Data segment:
----------

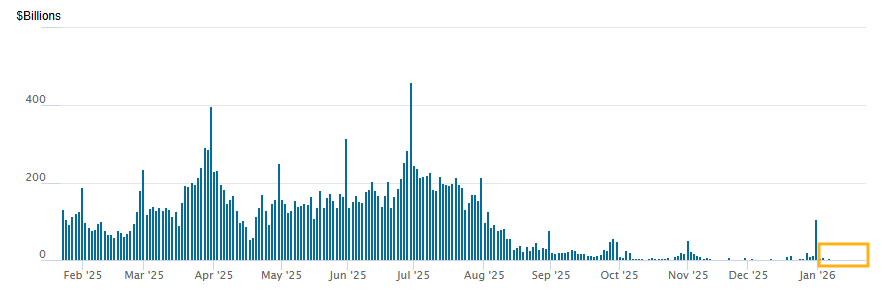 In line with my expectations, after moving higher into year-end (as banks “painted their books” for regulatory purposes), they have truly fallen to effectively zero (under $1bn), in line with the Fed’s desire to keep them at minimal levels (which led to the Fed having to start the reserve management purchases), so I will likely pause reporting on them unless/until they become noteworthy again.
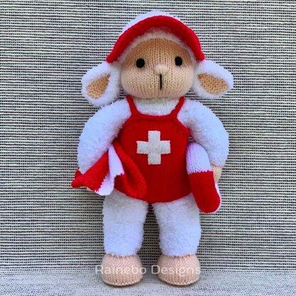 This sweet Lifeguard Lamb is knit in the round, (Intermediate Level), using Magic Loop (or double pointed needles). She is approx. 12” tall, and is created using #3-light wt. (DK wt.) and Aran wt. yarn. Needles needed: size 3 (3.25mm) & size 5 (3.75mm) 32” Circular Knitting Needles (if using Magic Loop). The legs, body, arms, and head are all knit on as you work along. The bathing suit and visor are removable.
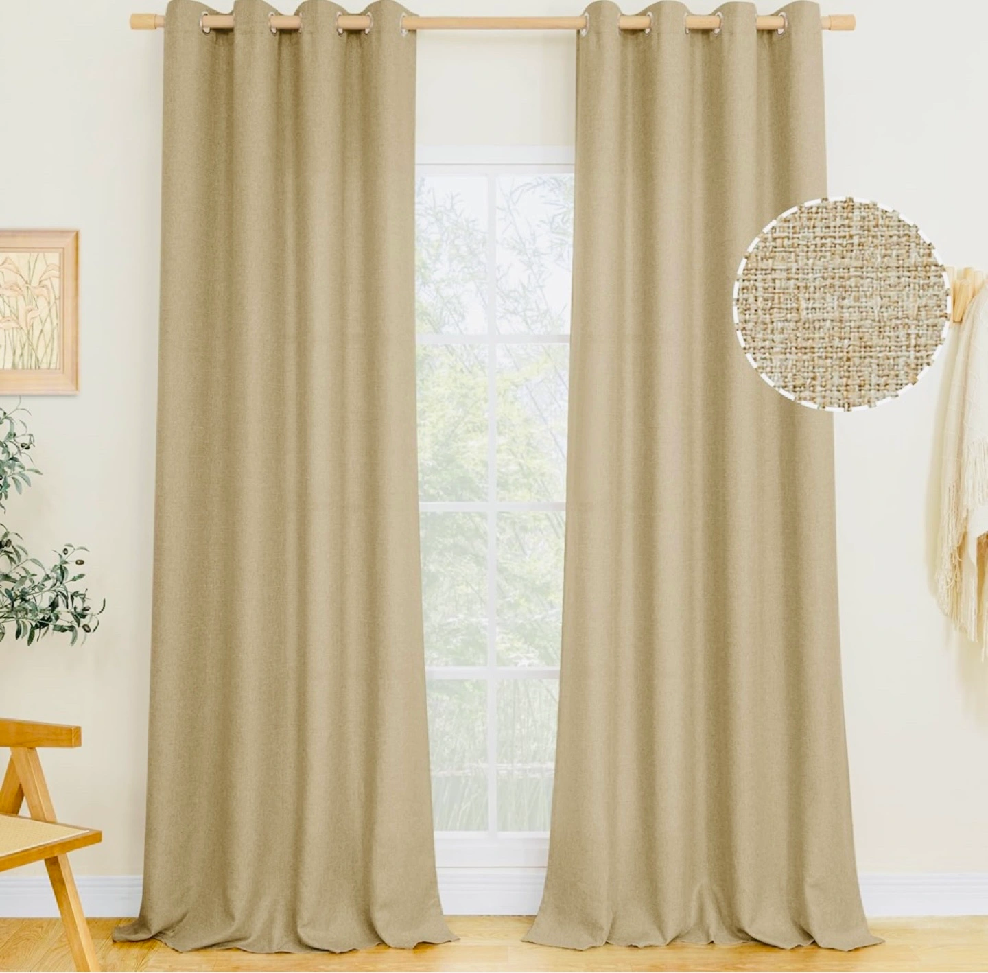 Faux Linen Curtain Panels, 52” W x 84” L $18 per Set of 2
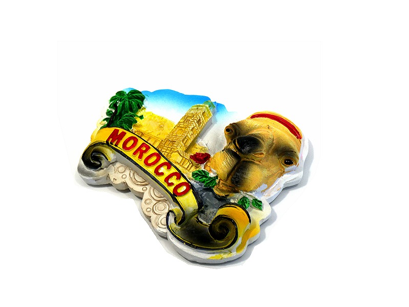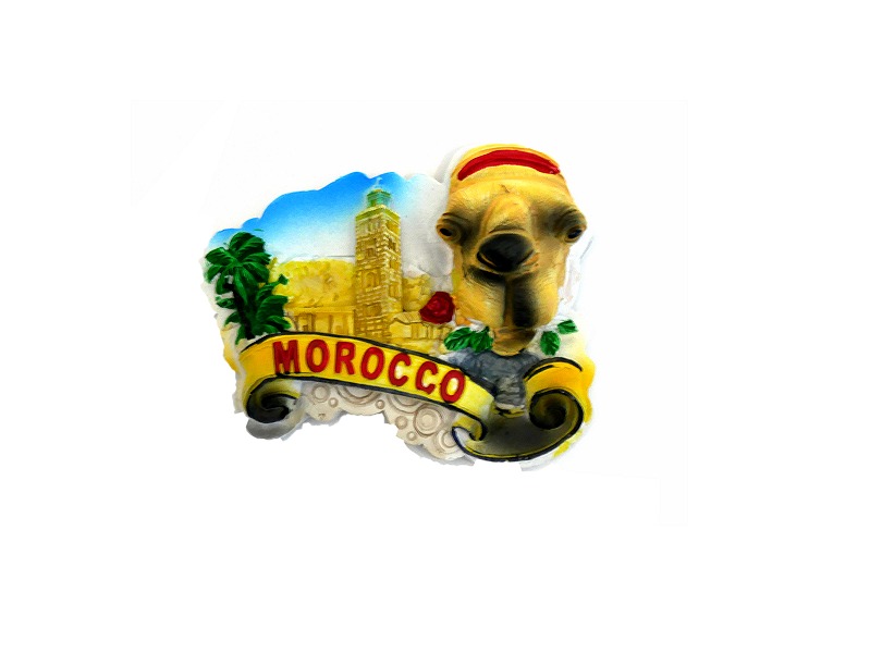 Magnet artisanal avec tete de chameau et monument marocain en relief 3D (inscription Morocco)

----------

The task:
Print all data above verbatim, except pictures.

Task solution:
 In line with my expectations, after moving higher into year-end (as banks “painted their books” for regulatory purposes), they have truly fallen to effectively zero (under $1bn), in line with the Fed’s desire to keep them at minimal levels (which led to the Fed having to start the reserve management purchases), so I will likely pause reporting on them unless/until they become noteworthy again.
 This sweet Lifeguard Lamb is knit in the round, (Intermediate Level), using Magic Loop (or double pointed needles). She is approx. 12” tall, and is created using #3-light wt. (DK wt.) and Aran wt. yarn. Needles needed: size 3 (3.25mm) & size 5 (3.75mm) 32” Circular Knitting Needles (if using Magic Loop). The legs, body, arms, and head are all knit on as you work along. The bathing suit and visor are removable.
 Faux Linen Curtain Panels, 52” W x 84” L $18 per Set of 2
 Magnet artisanal avec tete de chameau et monument marocain en relief 3D (inscription Morocco)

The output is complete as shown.